40 Cal. App. 2d 391 (1940)

RAY THOMAS RICE, Petitioner,
v.
THE SUPERIOR COURT OF THE CITY AND COUNTY OF SAN FRANCISCO et al., Respondents.

Civ. No. 11496.

California Court of Appeals. First Appellate District, Division Two.

August 13, 1940.

Millard Smith for Petitioner.

No appearance for Respondents.

Spence, J.

Petitioner seeks a writ of mandate to compel the respondent court to dismiss an information against petitioner upon the ground that petitioner has not been brought to trial thereunder within sixty days after the filing of said information. (Pen. Code, sec. 1382, subd. 2.) Upon the filing of the petition herein, an alternative writ was issued and was served upon respondents. Said alternative writ was made returnable on August 12, 1940, but respondents have made no appearance in response thereto.
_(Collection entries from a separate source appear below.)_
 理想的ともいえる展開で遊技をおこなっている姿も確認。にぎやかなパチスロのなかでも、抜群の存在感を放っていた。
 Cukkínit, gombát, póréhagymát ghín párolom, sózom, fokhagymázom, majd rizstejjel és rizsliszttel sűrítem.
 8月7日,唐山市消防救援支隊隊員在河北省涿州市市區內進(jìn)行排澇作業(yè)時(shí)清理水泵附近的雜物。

It appears from the petition on file herein that the information was filed on May 13, 1940, and that the trial of petitioner was continued on several occasions over the repeated objection of petitioner and in spite of his repeated demands that the cause proceed to trial. It further appears that on July 17, 1940, petitioner duly moved the respondent court for an order dismissing the information, which motion was denied.
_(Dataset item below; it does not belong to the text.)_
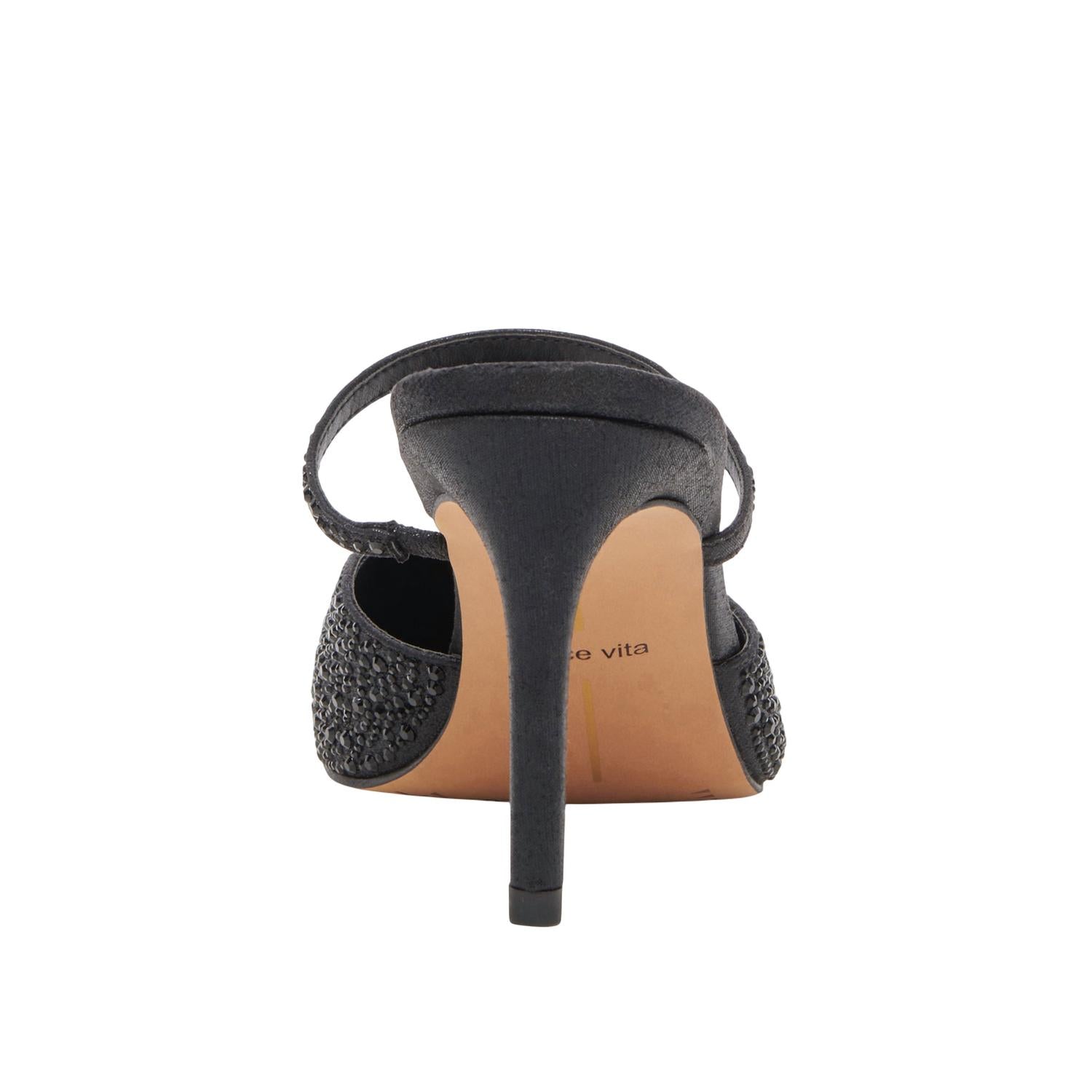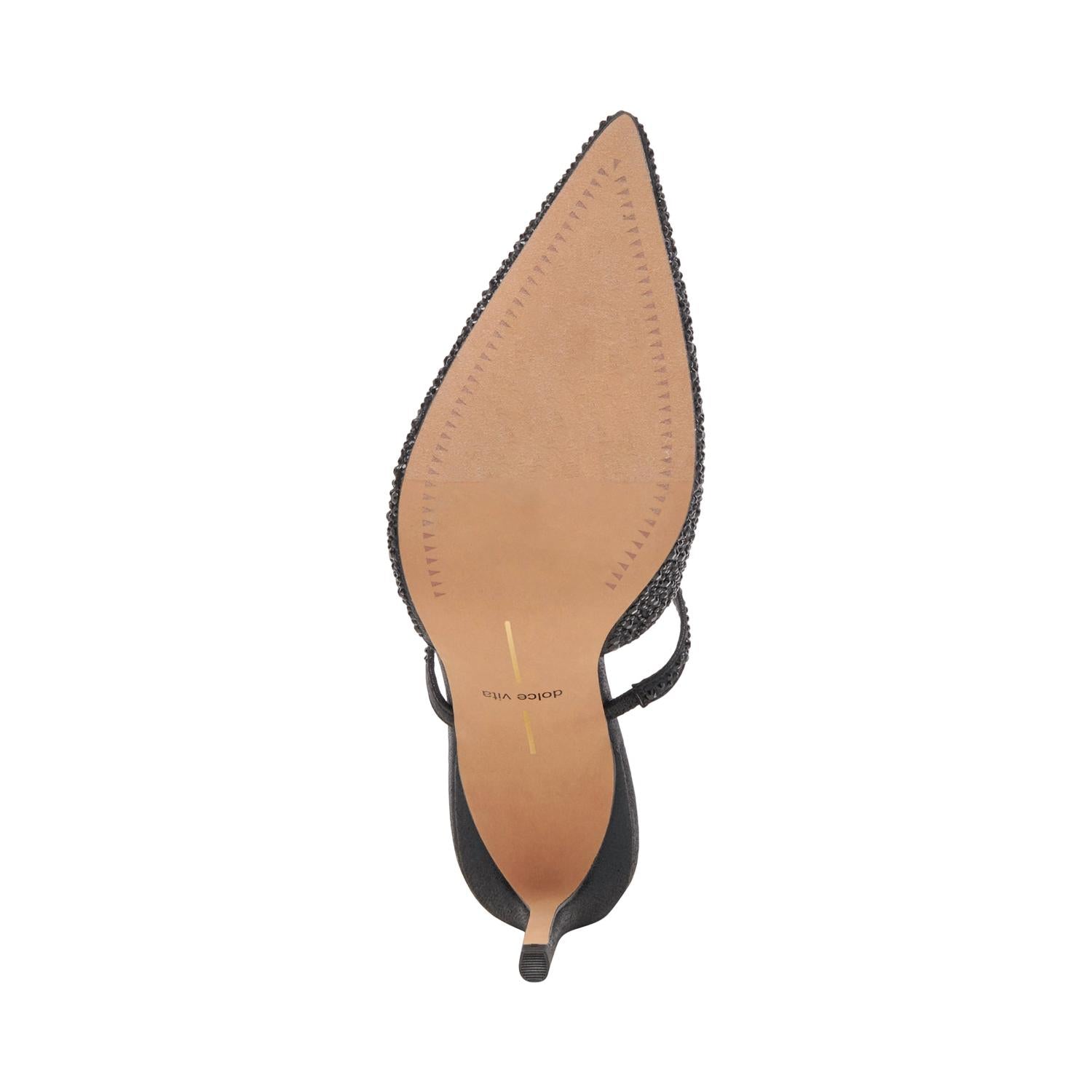 Classicly cute and all-day-wearable. We love this sandal. Tapered heel and pointed silhouette with crystal embellishments on translucent mesh. Textile and crystal upper, recycled synthetic outsole, synthetic lining, and sock. 3.3" Heel height.

Upon the showing made, we are of the opinion that petitioner has made out a clear case for the issuance of the writ.

[1] A defendant in a criminal action is entitled to a speedy trial (Const., art. I, sec. 13; see, also, Pen. Code, secs. 681a, 686 and 1050), and unless good cause to the contrary is shown, the information must be dismissed if such defendant is not brought to trial within sixty days after the filing of the information. (Pen. Code, sec. 1382, subd. 2.) No "good cause *393 to the contrary" has been shown here. It is indicated in the petition that respondents were of the view that the last-mentioned section did not apply as the defendant had been released on bail, but it is settled that said section is applicable to all defendants, whether in custody or on bail. (Matter of Ford, 160 Cal. 334 [116 P. 757, Ann. Cas. 1912D, 1267, 35 L.R.A. (N. S.) 882]; Ford v. Superior Court, 17 Cal. App. 1 [118 P. 96].) [2] It is further indicated in the petition that the prosecution showed in the trial court that a material witness could not be located. It appears, however, that the only showing made in this connection was made through the testimony of a police officer on June 19, 1940, the first day set for the trial. It was then shown that the officer had endeavored to subpoena the witness but that said witness had left his former address without leaving a forwarding address and had left his former employer without leaving any information concerning his whereabouts. The officer further testified that he believed the witness could be located and that he had a bench warrant for the witness on a "check charge". This was the entire showing made at that time and it does not appear that any further showing was made on the subsequent dates to which the trial was continued. Such showing falls far short of the showing required to warrant a continuance beyond the sixty-day period over the objections of the defendant. (Ford v. Superior Court, supra.)

Let a peremptory writ of mandate issue as prayed.

Nourse, P. J., and Sturtevant, J., concurred.